Я сказал, что некоторые девчонки не умеют себя поставить с нами, позволяют хамство, Варька Ветрова заспорила, что это не зависит от пола. Главное — сила характера, а все остальное — сироп.
— Тратим время на «мужскую честь», «женскую гордость», а с чем это едят сегодня?! — Ланщиков был в своем репертуаре. И вдруг Антошка заявила с вызовом:
— Конечно, для тебя эти термины — пустой звук, они недоступны твоему пониманию…
Ланщиков круто обернулся к ней, сузив разноцветные глаза.
— Это ты о женской гордости зачирикала?!
— Эй, прекрати! — Митька выбежал вперед и стал перед партой Антошки, точно закрывал собой амбразуру. Даже выше ростом показался.
— Ясненько! — улыбнулся Ланщиков. — Теперь мужская честь заговорила, защитник невинных девиц?

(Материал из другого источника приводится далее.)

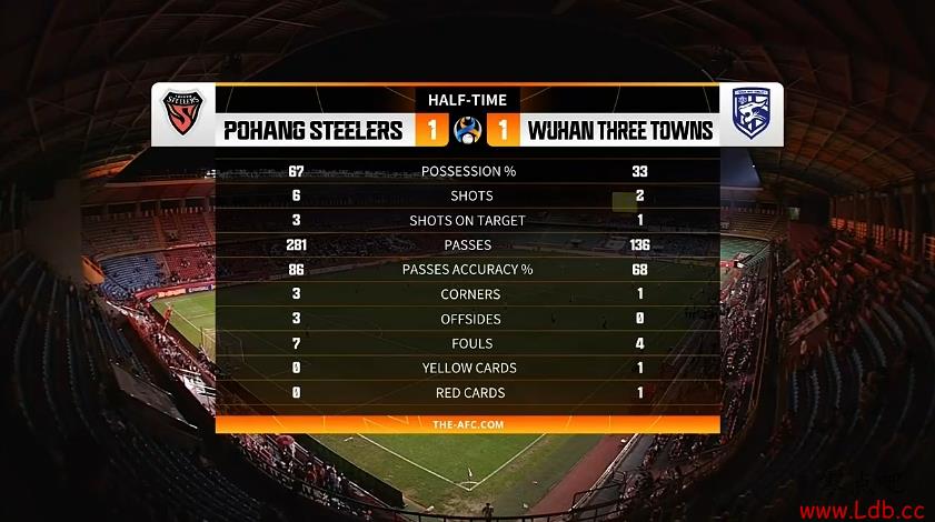 零点吧足球10月04日讯 亚冠J组第2轮,武汉三镇vs浦项制铁,上半场比赛结束,武汉三镇与浦项制铁战成1-1平,以下为半场数据。

Митька хотел броситься к нему, но Антошка вцепилась в его рукав двумя руками.
— Не пачкайся!
Голос Антошки, всегда громкий, сейчас даже зазвенел как колокол в притихшем классе. Многие обернулись.
Ланщиков секунду щурил свои разноцветные глаза, лотом сказал с угрозой:
— Спасибо, Лапа, сочтемся!
Я покосился на Митьку, он опустил голову и молчал… Скажите! А сама говорила, что для нее парень начинается только от метра девяноста. Мне стало смешно и чуточку обидно, и я ушел, его не подождав. Пусть сами разбираются в своих делах!
Интересное вышло кино! Сегодня было собрание в классе. Выбирали бюро, последнее в жизни, как сказала Наталья Георгиевна, она всегда приходит, как завуч по воспитательной работе. Я вдруг заметил, что у нее тонкие и кривоватые ноги, а у кого-то читал, что такие женщины всегда лицемерны.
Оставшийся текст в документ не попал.